Dimension Data Holdings, the South African computer services group, yesterday described the current downturn in technology spending as like a "once in 100 years flood" as it unveiled a $1.7bn (£1.2bn) loss in its first full year as a listed company on the London Stock Exchange.
The company, known on the market as Didata, recorded the losses after asset write-downs of $1.8bn. These included $1.1bn to cover a write-down of the value of its European operations and a further $148m write-down of its American assets. These included the Proxicom internet consultancy business acquired for $448m in cash in May.
Didata was a late-comer to the UK technology boom when it floated at 520p per share in July last year.

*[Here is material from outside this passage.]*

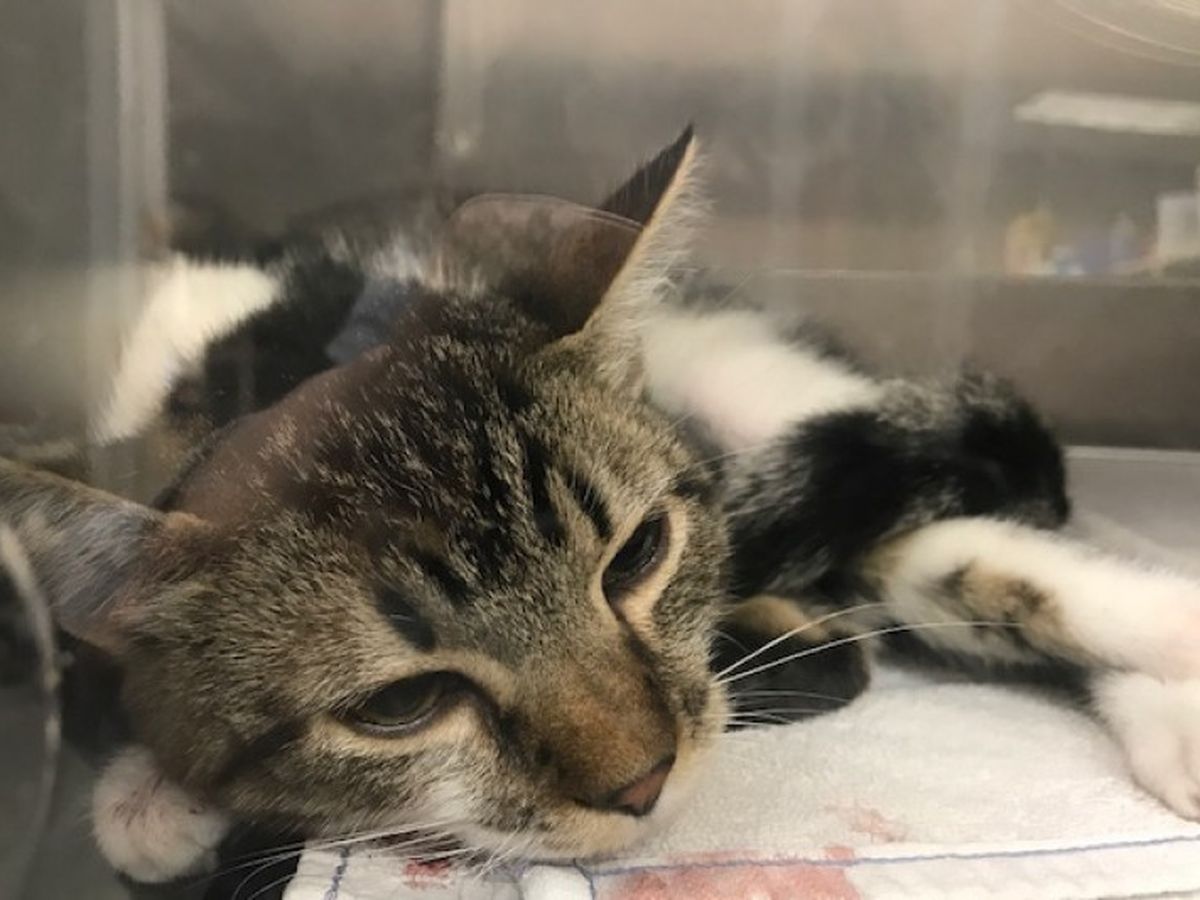 This little kitten was hit by a car and rushed in by good samaritans late Saturday night to BluePearl Willowbrook Animal Emergency in Houston, a city still half-underwater from Hurricane Harvey, with many pets and families displace. He had been hit by a car and was bleeding from the mouth and paws. His condition was serious, but stable. The staff there immediately scanned him for a microchip and to their elation discovered he had one, and it had been placed recently and registered with Harris County Veterinary Public Health! The staff at BP Willowbrook reached out to their friends at HCVPH to see if they could find out who the kitten had been adopted to in an attempt to reach the owner. The phones are down at HCVPH due to flooding so reaching them was tricky, but where there is a will there is a way!

The shares initially soared to 693p but have been collapsing ever since. They closed a further 8.5p down at 92.5p yesterday.
Didata provides computer network installations, support and maintenance for clients such as Renault. But the business has seen a slowdown in revenue growth and increasing pressure on margins as large corporate customers spend less on computer-related services.
Jeremy Ord, the chief executive, said the company had already taken action to "rightsize" the business with more than 1,500 job cuts. He said the business was now correctly positioned for an upturn.
Margins are expected to fall from 7.4 per cent to 5 - 6 per cent this year as customers put pressure on prices. Revenue growth is considered unlikely to reach double digits. Mr Ord said: "We are not seeing any dramatic downturn in activity. Deals [contracts] are just taking longer to come to fruition." The company did not expect IT spending to improve significantly in the current financial year. It also said that visibility (of future orders) remained poor and that the trading environment continued to be characterised by "considerable uncertainty". Mr Ord dismissed suggestions that there could be more asset write-downs to come.
Didata had warned of lower figures in a statement in July, saying increased price competition would squeeze margins in the US, the UK and Germany. Full year figures for the year to 30 September showed that total turnover grew by 24 per cent to $2.4bn. Operating profits before goodwill write-offs and other exceptionals was $180m.
Didata's shares had already fallen 14 per cent on Tuesday after Morgan Stanley cut its recommendation on the shares to underperform from neutral saying the premium to the company's peer group was undeserved.